NERO is the first work to accelerate a real-world HPC weather prediction application using the FPGA+HBM fabric. Compared to a previous work [153] that optimizes only the horizontal diffusion kernel on an FPGA with DDR4 memory, our analysis reveals that the vertical advection kernel has a much lower compute intensity with little to no regularity. Therefore, our work accelerates both kernels that together represent the algorithmic diversity of the entire COSMO weather prediction model. Our current work differs from [152] in the following aspects. First, we design and evaluate both horizontal diffusion and vertical advection stencils. Vertical advection is the most complex stencil in the entire COSMO application. Second, we integrate and implement our accelerator design with an HBM-based FPGA. The bus width of the DDR4 channel (512 bits) is larger than that of an HBM channel (256 bits). Therefore, the HBM channel has a lower transfer rate of 0.8-2.1 GT/s (Gigatransfers per second) than a DDR4 channel (2.1-4.3 GT/s), resulting in a theoretical bandwidth of 12.8 GB/s and 25.6 GB/s per channel, respectively. However, HBM exposes 32 memory channels that provide 4x more bandwidth (410 GB/s for HBM [95]) compared to traditional DDR4 bandwidth (72 GB/s for four independent dual-rank DIMM interfaces [21]). Therefore, the use of HBM imposes an architectural shift. We evaluate and demonstrate the use of HBM for scaling an accelerator design with different channels provided by HBM. Third, we use an auto-tuning framework to find the right window size (Figure 6) that demonstrates the importance of finding the right window size. Fourth, we provide new results using a state-of-the-art OpenCAPI (OCAPI) interface with the OC-Accel framework. OCAPI provides two key opportunities compared to our previous CAPI2 implementation: (1) OCAPI has double the bitwidth of our previously used CAPI2 interface, (2) a major component of the memory coherency logic is moved to the host CPU side, which provides more FPGA area and enables designs with higher frequency. Due to the above optimizations, we improve the performance for horizontal diffusion by 1.2x on a DDR4-based board and 4.7x on an HBM-based board compared to our previous work NARMADA [153].

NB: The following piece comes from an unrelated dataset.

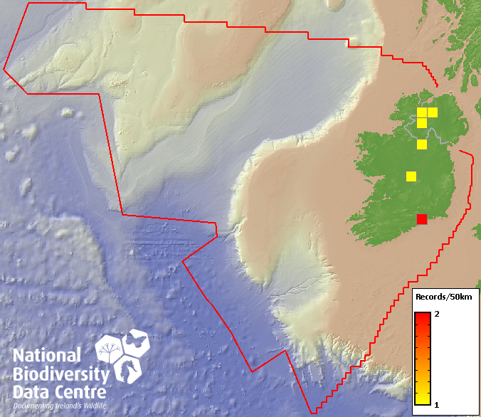 Distribution of the number of records recorded within each 10km grid square (ITM).Marine Map - 50km
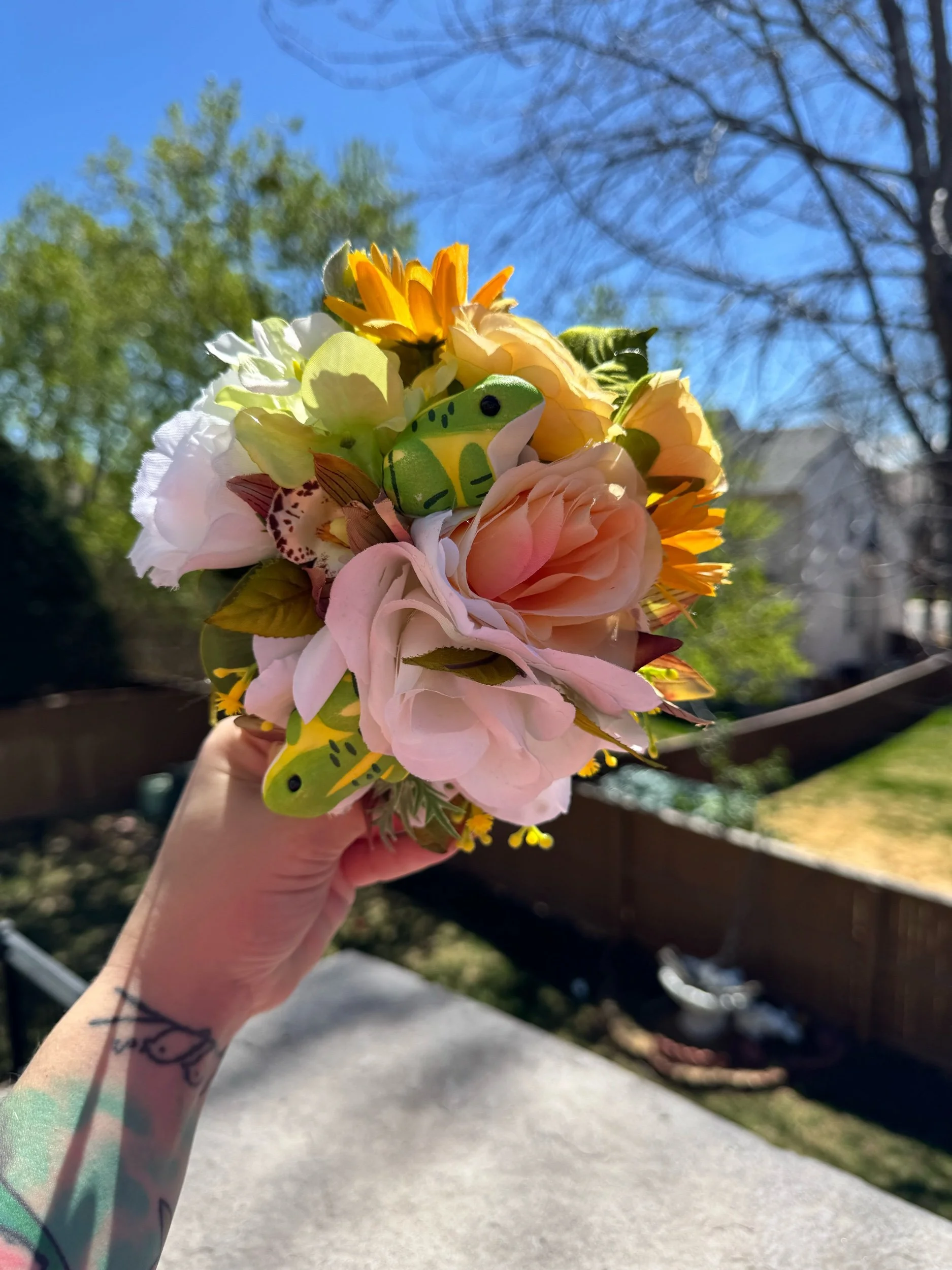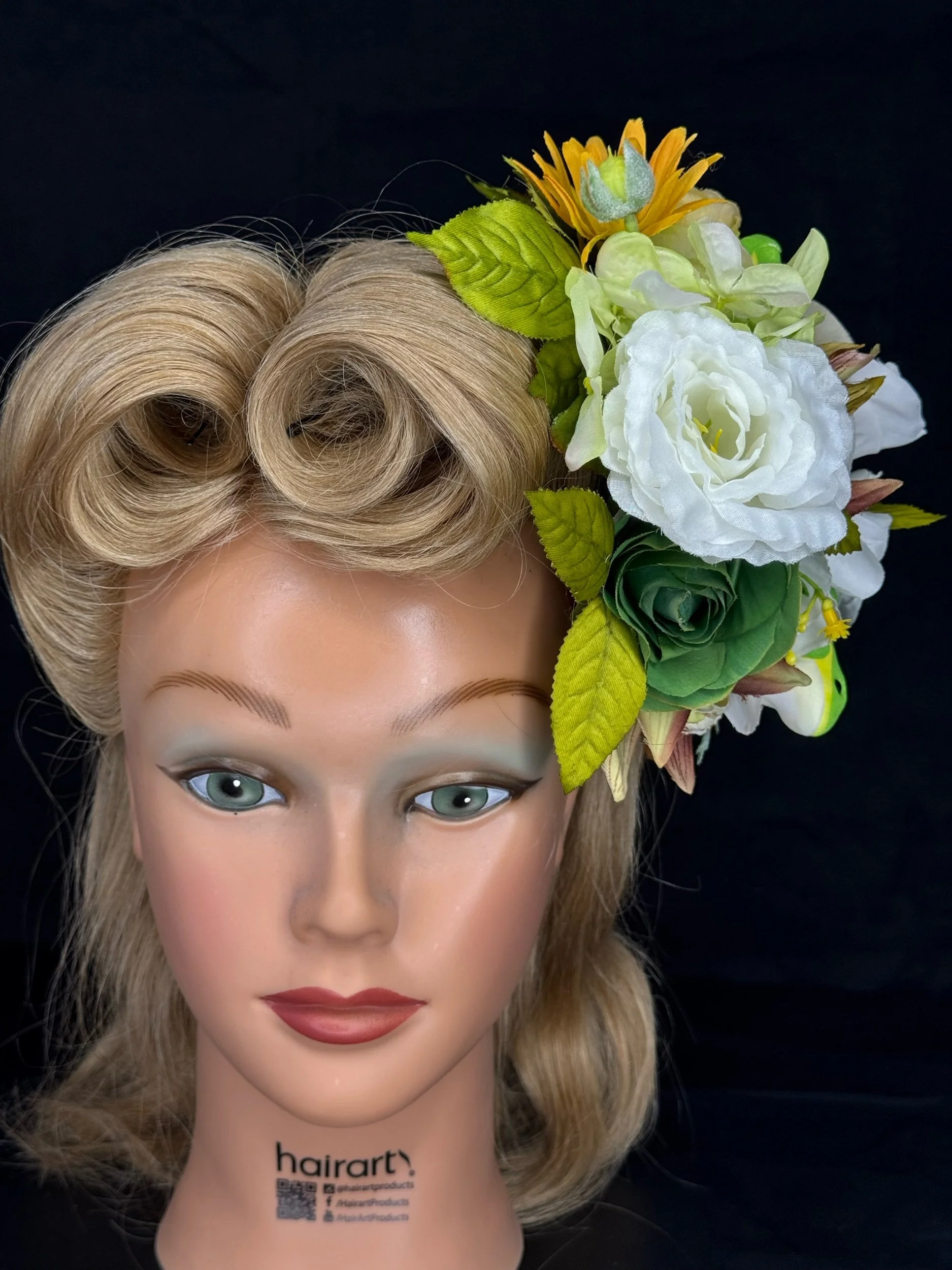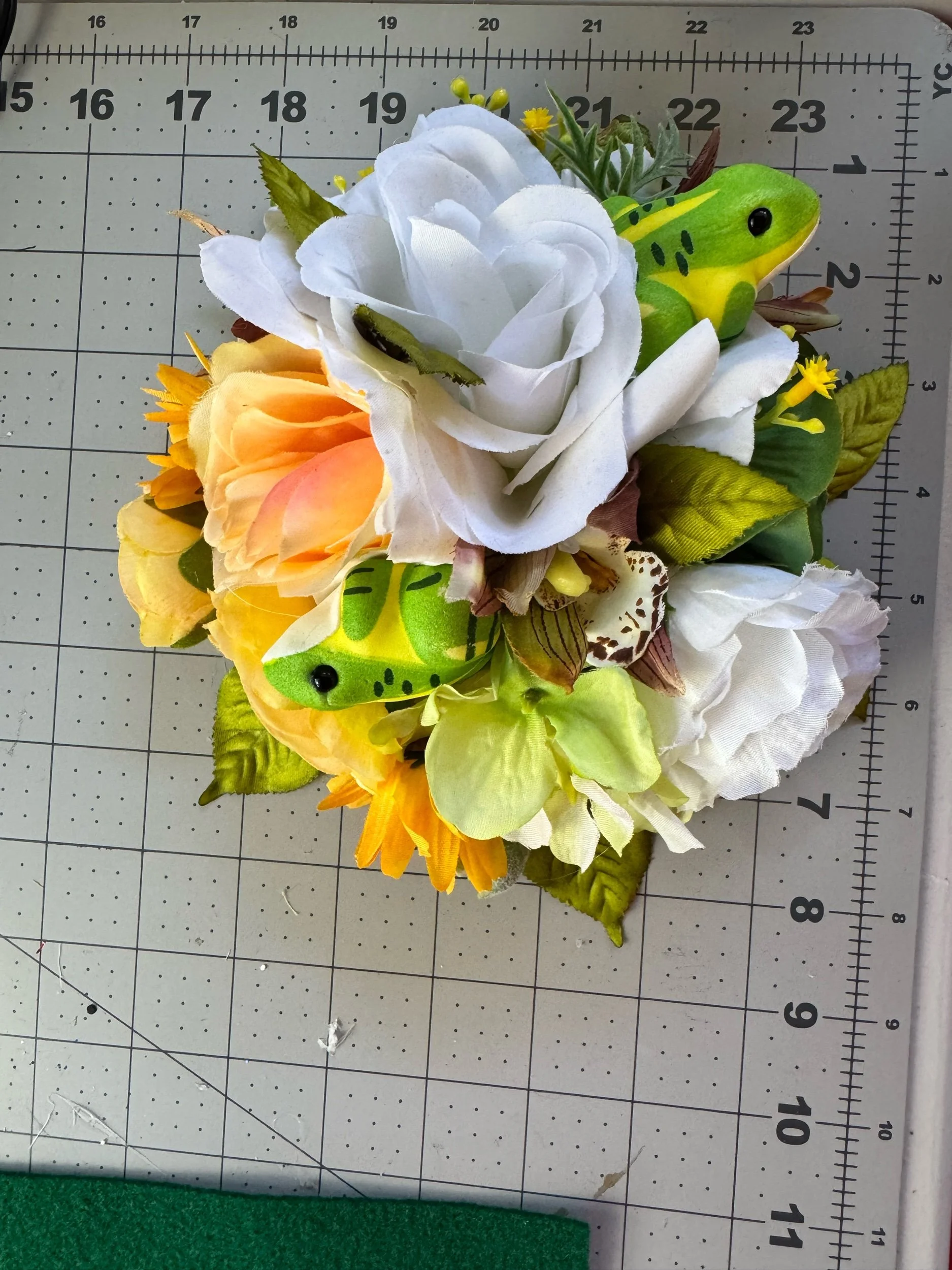 Materials: Silk and foam florals, synthetic greenery, lightweight decorative frogs, secure hair attachment.

Enabling higher performance for stencil computations has been a subject of optimizations across the whole computing stack [35, 51, 53–55, 66, 77, 79, 83, 115, 135, 155, 160, 168, 169, 179]. Stencil computation is essential

for numerical simulations of finite difference methods (FDM) [127] and is applied in iterative solvers of linear equation systems. We use stencil computation in a wide range of applications, including computational fluid dynamics [88], image processing [84], weather prediction modeling [59], etc.

Unlike stencils found in the literature [51, 55, 56, 135, 154, 168, 169], real-world compound stencils consist of a collection of stencils that perform a sequence of element-wise computations with complex interdependencies. Such compound kernels have complex memory access patterns and low arithmetic intensity because they have limited operations per loaded value. Our work is the first work to accelerate both horizontal diffusion and vertical advection stencils, which are representative of data access patterns and the algorithmic complexity found in the entire COSMO weather model.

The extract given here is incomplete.